For specific use cases, access to the raw [XOR encoded](https://github.com/prometheus/prometheus/blob/release-2.26/tsdb/chunkenc/xor.go) ([chunk documentation](https://github.com/prometheus/prometheus/blob/release-2.26/tsdb/docs/format/chunks.md)) chunk data may be required.


To find the chunk objects for a given series:
```
>>> data = couchbasepypdu.load("some_stats_dir")
>>> series = data["foobar_series_name"]
>>> series.chunks
[<couchbasepypdu.Chunk object at 0x11c29c270>, <couchbasepypdu.Chunk object at 0x11c29dbb0>, ...]
```

To access the XOR encoded sample data:

```
>>> chunk = series.chunks[0]
# without copying
>>> memoryview(chunk)
<memory at 0x11c227880>
# with a copy into a python bytes object
>>> chunk.as_bytes()
b'\x00y\xc8\xe0\x8e\...'
```

Most users will not need to do this as `samples` can be read from a `couchbasepypdu.Series()`, with the chunks handled transparently.


#### Runtime version checking

The `couchbasepypdu` version can be specified at install time (e.g., in `requirements.txt`), but you can also verify the correct version is available at runtime (maybe someone is building locally and forgot to update some dependencies!).

```
>>> import couchbasepypdu
>>> couchbasepypdu.__version__
'0.0.12a3'
>>> couchbasepypdu.__git_rev__
'a096f0d'
>>> couchbasepypdu.__git_tag__
''
>>> couchbasepypdu.require(0, 0, 0)
>>> couchbasepypdu.require(0, 0, 12)
>>> couchbasepypdu.require(0, 1, 0)
Traceback (most recent call last):
  File "<stdin>", line 1, in <module>
RuntimeError: Current couchbasepypdu version 0.0.12a3 does not meet required 0.1.0
>>> couchbasepypdu.require(0, 0, 12, "a3")
>>> couchbasepypdu.require(0, 0, 12, "a4")
Traceback (most recent call last):
  File "<stdin>", line 1, in <module>
RuntimeError: Current couchbasepypdu version 0.0.12a3 does not meet required 0.0.12a4
```

If using a feature introduced in version `X.Y.Z`, `couchbasepypdu.require(X, Y, Z)` will raise an exception if an older version is in use.
This exception can be caught, if you want to provide a more specific error message (e.g., "Remember to update dependencies by running ...").
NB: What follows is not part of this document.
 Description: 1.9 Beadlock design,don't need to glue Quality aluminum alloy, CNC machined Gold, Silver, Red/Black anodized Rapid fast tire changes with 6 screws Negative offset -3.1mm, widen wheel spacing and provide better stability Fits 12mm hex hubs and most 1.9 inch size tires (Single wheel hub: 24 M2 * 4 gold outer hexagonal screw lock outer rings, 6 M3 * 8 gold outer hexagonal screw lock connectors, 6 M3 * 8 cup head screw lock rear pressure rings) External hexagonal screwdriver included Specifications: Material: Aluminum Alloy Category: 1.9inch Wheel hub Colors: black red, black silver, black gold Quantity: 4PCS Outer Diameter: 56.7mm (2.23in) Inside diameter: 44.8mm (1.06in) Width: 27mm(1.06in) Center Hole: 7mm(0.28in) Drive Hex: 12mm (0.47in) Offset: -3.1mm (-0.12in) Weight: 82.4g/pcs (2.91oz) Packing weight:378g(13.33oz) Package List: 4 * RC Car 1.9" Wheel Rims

#### Alternative installation steps

##### pip install from source

If a wheel is not available for your platform or architecture, `couchbasepypdu` can be built and installed with:

```
pip install git+https://github.com/jameseh96/pdu.git
```

or for a specific version:

```
pip install git+https://github.com/jameseh96/pdu.git@vX.Y.Z
e.g.,
pip install git+https://github.com/jameseh96/pdu.git@v0.0.19
```

Building `couchbasepypdu` will require the dependencies listed in the [installation instructions](https://github.com/jameseh96/pdu#installing).
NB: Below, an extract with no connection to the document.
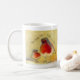 A caneca é de excelente qualidade, de bom peso e aparenta resistentência. O tamanho grande da caneca de 444 ml é muito prático, ela serve até para sobremesas. A alça é do tamanho certo para empunhadura, e oferece grande firmeza. A impressão ficou perfeita, a imagem ficou completamente nítida, e as cores vivas como na imagem do site.

`couchbasepypdu` is relatively platform independent, but has not been tested on platforms/architectures that don't have a wheel built (e.g., Windows, MacOS+Apple Silicon) - be prepared for potential issues at build and runtime.

##### setup.py
`couchbasepypdu` may be installed without `pip`. To use, clone the repository as in the [installation instructions](https://github.com/jameseh96/pdu#installing).

Then run:

```
python setup.py install
```

##### manual .so

Alternatively, following the `cmake` steps in the [installation instructions](https://github.com/jameseh96/pdu#installing) to build the project produces a module with a platform-dependent name - for example on MacOS this may be `couchbasepypdu.cpython-39-darwin.so`.

This can be found either in `<build dir>/src/couchbasepypdu` or in your chosen installation prefix. This can be used without installing with `setup.py`, simply ensure the containing directory is in your `PYTHONPATH`.